◆ **Task item**:
Wherever a line in the material contains the word "YouTube", copy that line.

◆ **The input**:
● ● ●
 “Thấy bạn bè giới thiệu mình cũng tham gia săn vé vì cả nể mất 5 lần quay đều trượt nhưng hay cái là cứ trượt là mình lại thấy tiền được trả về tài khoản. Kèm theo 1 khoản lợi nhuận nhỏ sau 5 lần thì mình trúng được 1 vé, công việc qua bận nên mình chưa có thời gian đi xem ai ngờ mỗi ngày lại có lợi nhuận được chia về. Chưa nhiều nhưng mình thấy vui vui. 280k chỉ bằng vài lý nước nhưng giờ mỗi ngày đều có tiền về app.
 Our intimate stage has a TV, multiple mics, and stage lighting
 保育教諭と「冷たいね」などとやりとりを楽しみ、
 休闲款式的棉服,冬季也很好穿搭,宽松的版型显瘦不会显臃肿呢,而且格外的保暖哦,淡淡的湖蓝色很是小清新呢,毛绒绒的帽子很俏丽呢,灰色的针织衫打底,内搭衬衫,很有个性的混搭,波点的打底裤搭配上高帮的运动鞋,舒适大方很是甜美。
● ● ●
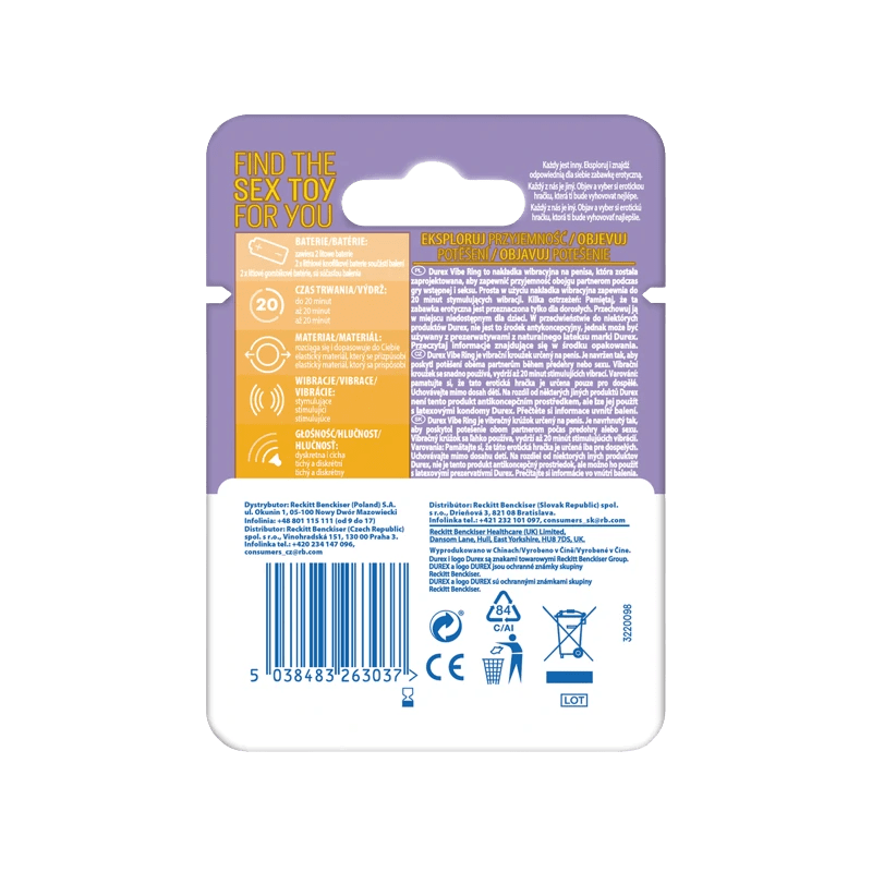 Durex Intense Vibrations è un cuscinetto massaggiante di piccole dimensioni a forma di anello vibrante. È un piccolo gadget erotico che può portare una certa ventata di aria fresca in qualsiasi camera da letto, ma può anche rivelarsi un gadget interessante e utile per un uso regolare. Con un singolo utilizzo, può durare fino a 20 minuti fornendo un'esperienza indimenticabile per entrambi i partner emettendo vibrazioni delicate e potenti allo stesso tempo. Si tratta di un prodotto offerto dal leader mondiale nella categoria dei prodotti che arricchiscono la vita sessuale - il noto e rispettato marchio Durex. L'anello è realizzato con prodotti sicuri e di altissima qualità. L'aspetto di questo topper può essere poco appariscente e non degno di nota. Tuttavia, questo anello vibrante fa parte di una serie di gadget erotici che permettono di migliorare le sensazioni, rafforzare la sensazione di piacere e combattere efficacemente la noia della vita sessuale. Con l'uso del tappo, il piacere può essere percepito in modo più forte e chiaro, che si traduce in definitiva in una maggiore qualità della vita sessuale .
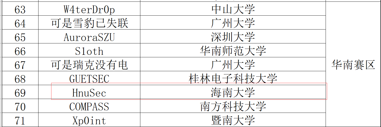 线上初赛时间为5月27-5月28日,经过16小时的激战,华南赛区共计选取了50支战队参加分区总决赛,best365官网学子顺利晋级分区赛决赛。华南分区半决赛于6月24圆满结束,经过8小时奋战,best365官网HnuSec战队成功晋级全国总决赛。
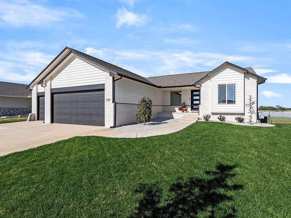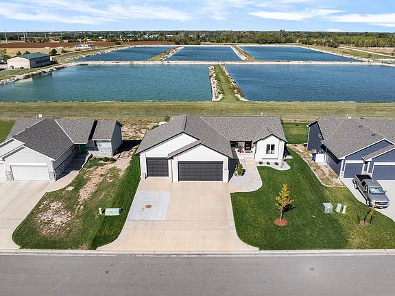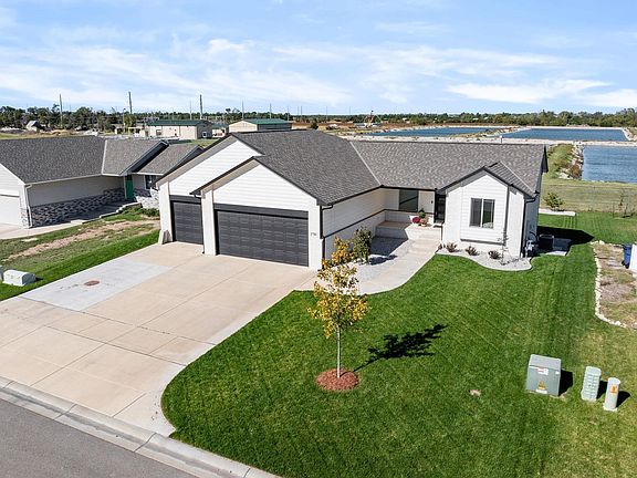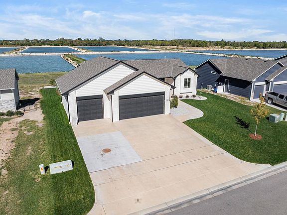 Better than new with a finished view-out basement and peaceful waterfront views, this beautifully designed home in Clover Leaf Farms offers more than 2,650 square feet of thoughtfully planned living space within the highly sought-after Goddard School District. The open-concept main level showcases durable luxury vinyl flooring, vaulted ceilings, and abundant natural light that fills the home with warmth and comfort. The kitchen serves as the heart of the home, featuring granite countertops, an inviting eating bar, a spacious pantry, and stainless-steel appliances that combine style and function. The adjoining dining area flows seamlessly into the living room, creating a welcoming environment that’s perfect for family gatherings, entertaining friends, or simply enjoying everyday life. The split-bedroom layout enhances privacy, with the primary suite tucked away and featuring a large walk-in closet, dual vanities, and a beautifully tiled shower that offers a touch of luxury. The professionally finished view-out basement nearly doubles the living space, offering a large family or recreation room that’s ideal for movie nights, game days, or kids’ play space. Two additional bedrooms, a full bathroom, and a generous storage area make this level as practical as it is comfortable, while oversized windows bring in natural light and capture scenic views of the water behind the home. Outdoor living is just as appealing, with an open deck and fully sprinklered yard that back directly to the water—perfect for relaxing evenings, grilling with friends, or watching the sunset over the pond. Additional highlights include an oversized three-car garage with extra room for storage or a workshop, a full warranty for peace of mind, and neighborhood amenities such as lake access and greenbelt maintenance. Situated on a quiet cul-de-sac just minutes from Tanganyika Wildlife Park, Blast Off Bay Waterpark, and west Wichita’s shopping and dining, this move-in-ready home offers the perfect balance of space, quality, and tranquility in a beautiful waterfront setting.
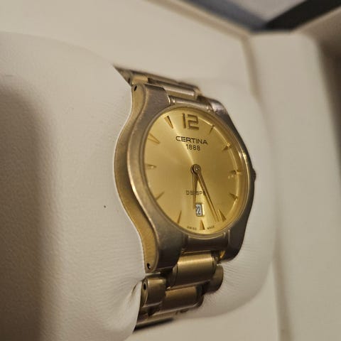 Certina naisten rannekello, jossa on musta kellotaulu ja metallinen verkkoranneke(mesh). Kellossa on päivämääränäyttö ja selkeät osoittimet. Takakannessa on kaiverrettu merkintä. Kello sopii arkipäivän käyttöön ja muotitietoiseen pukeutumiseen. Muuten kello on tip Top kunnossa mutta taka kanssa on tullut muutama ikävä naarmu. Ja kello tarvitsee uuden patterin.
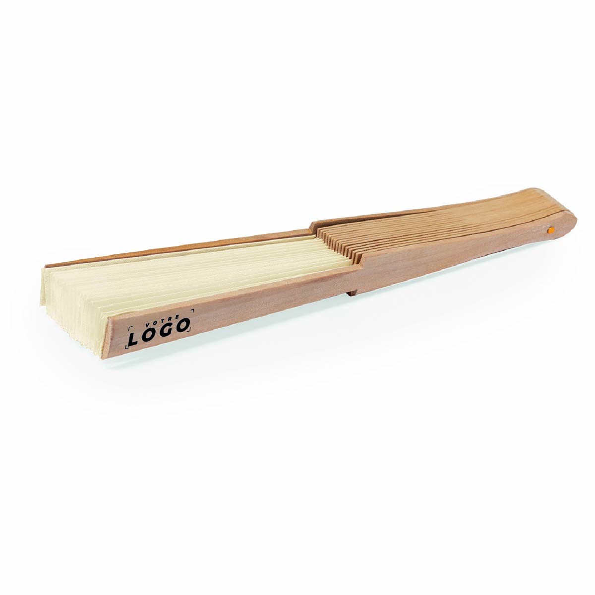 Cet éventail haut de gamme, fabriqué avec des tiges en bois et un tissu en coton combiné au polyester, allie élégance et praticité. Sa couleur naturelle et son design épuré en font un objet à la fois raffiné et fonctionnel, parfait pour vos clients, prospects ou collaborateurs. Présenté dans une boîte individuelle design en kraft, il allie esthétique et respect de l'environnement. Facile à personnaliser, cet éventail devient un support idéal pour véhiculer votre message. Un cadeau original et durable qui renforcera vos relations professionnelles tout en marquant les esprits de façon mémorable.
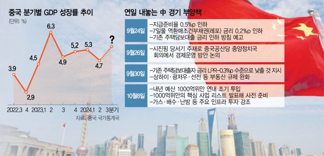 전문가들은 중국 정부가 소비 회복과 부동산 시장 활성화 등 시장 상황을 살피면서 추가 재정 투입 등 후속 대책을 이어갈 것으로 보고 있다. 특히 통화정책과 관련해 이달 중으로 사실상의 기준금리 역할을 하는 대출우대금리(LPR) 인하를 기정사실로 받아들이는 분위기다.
● ● ●
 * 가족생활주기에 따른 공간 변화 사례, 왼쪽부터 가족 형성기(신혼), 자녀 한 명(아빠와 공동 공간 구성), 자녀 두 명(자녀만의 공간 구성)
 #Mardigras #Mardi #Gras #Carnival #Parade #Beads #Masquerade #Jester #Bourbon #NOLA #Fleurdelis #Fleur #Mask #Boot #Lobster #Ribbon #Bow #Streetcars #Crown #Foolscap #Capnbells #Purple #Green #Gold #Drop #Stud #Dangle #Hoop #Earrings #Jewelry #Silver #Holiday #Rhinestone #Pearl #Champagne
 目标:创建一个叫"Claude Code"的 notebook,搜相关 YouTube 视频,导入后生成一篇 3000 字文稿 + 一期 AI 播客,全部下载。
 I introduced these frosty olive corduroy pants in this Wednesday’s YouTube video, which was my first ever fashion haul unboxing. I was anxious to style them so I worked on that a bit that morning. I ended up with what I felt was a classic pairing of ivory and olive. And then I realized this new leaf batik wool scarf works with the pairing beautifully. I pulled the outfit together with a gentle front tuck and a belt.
● ● ●
◆ **Exercise result**:
 目标:创建一个叫"Claude Code"的 notebook,搜相关 YouTube 视频,导入后生成一篇 3000 字文稿 + 一期 AI 播客,全部下载。
 I introduced these frosty olive corduroy pants in this Wednesday’s YouTube video, which was my first ever fashion haul unboxing. I was anxious to style them so I worked on that a bit that morning. I ended up with what I felt was a classic pairing of ivory and olive. And then I realized this new leaf batik wool scarf works with the pairing beautifully. I pulled the outfit together with a gentle front tuck and a belt.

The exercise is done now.